ACTION ITEM:
Output, word for word, the line that contains "L’Adoration perpétuelle reprendra" and all lines following it to the end of the listing. Drop the pictures.

DATA BLOCK:
#####

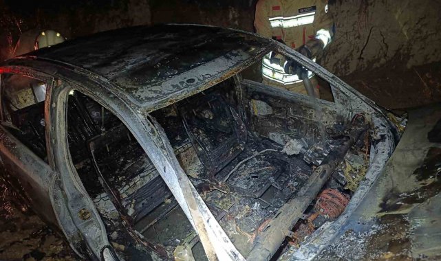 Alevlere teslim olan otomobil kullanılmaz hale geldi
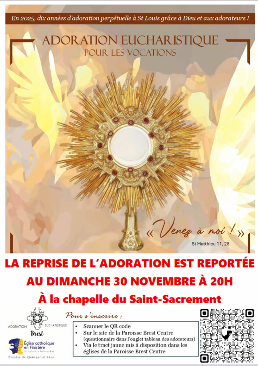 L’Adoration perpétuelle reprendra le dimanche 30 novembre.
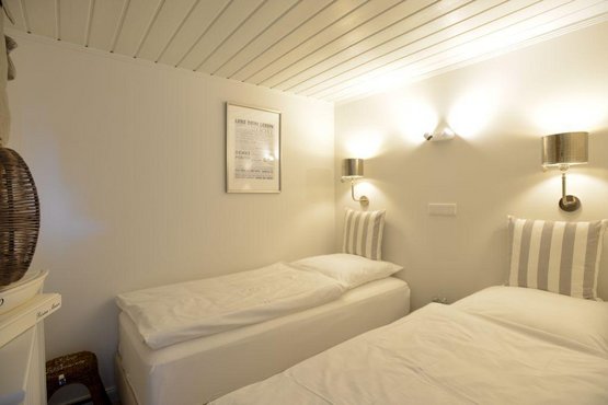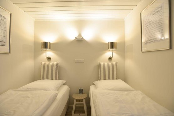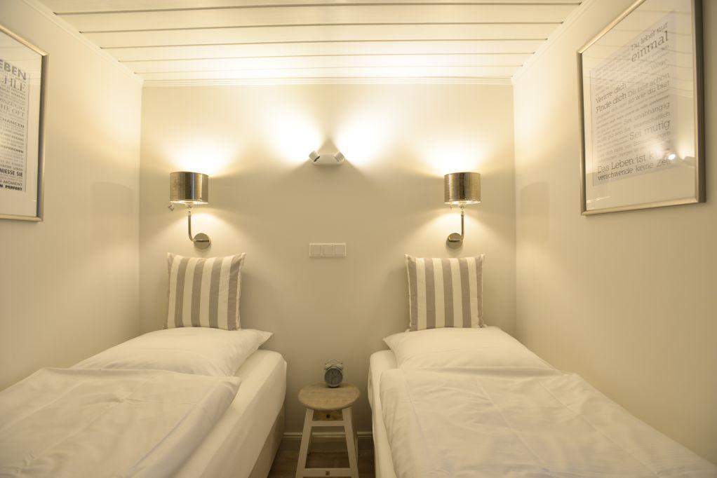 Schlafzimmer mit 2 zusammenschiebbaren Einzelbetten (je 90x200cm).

#####

EXERCISE OUTPUT:
 L’Adoration perpétuelle reprendra le dimanche 30 novembre.
 Schlafzimmer mit 2 zusammenschiebbaren Einzelbetten (je 90x200cm).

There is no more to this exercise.